Friday, July 20, 2012

SQUARE TOWER SEEN ROUND

Those who like optical illusions report that a common one is that square towers, such as a lighthouse, may appear from a distance to be round. The common judgment about this illusion is that the squareness is real while the distance involved causes the apparent roundness to be unreal.

Those who make this judgment are right in one way but quite wrong in another. When seen from a distance, the mind replaces the real "squareness" of the tower with a mental representation of "roundness" which is also real. The mental representation of "roundness" is just as real as any sensory representation would be. There exists no reason whatsoever to judge the sensory representation of "roundness" to be real, while judging the mental representation to be unreal. The mind can use the idea of "roundness" just as well as it can use the sensory representation of "roundness." For instance, if one is planning to build something round, then one must use the idea of "roundness" in order to make an effective plan. The usefulness of both sensory "roundness" and the idea of "roundness" proves that both are equally real. Only the bias of the empirical behaviorist's explanation of reality causes them to judge sensory perception to be real while judging mental representations to be unreal.

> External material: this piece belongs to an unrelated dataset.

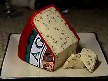 Up until the 18th century large goat herds provided milk for cheese and there has been a revival in the production of goat cheese since the twentieth century, particularly around Abergavenny. .[76] Pantysgawn Farm produces a soft goat's cheese based on an old recipe called Pantysgawn. The farm also produces St Illtyd Cheese, a mature cheese made with garlic, white wine and herbs; St David's Cheese, a continental-style washed-rind cheese; and Y Fenni cheese, a mature cheese milled with ale and mustard seeds.[77] Rees writes that Y Fenni Cheese has a tangy mustard flavour, moist texture and pale-yellow colouring. It is coated with wholegrain mustard seed and Welsh ale and preserved in a cream-coloured wax.[78] Davies refers to a recipe called Breast of Chicken filled with Y Fenni Cheese, where this cheese is used as a stuffing with parsley [79]

Therefore, one who sees a square tower as being round from a distance sees nothing that is not real. "Roundness" and "tower" and "distance" are all real. Yet, one senses that there is something unreal about this view because, after all, the tower is really square. There is something unreal about this optical illusion, but this unreality does not adhere to that which the mind sees, but to that which it does not see.

The mind sees "nothing that is not real." The unreality of the optical illusion does not adhere to "roundness" or "tower" or "distance," but to the false combination of these real elements. What does the mind see in this falsity? Why, it sees nothing, nothing at all. The falsity of the false combination equals nothingness.

This is what we mean when we say that anything is "not real." We mean that its unreality equals nothingness.

Yet, when we think about it, we realize that this idea of nothing must itself be real because we can use it to identify falsity that is not real. But if the "idea of nothing" and "falsity" are equivalent and useful, and therefore, real, then where is the unreality? The simple answer is that it can be found nowhere. "Nothingness" is real and "reality" is real, but unreality non-exists nowhere and at no time. Unreality non-exists as an absolute nothingness. We can only get a sense of it by using the idea of nothing.

All of this must mean that all that appears to our minds, whether mental or material, must be real exactly as it appears to us. First, because all of it is useful; and second, because even if all that we observe were a distortion of something not observed, this unseen something can only be unreal and useless to us while all that we observe can be our only reality because that is all we have to work with.

From all this, we can only conclude that all false appearances; whether they be mistakes, misjudgments, misidentifications, illusions. hallucinations or dreams, can be quite literally nothing but real elements in false combinations, and that this nothingness can only be a real idea that hides an unreality that we never observe.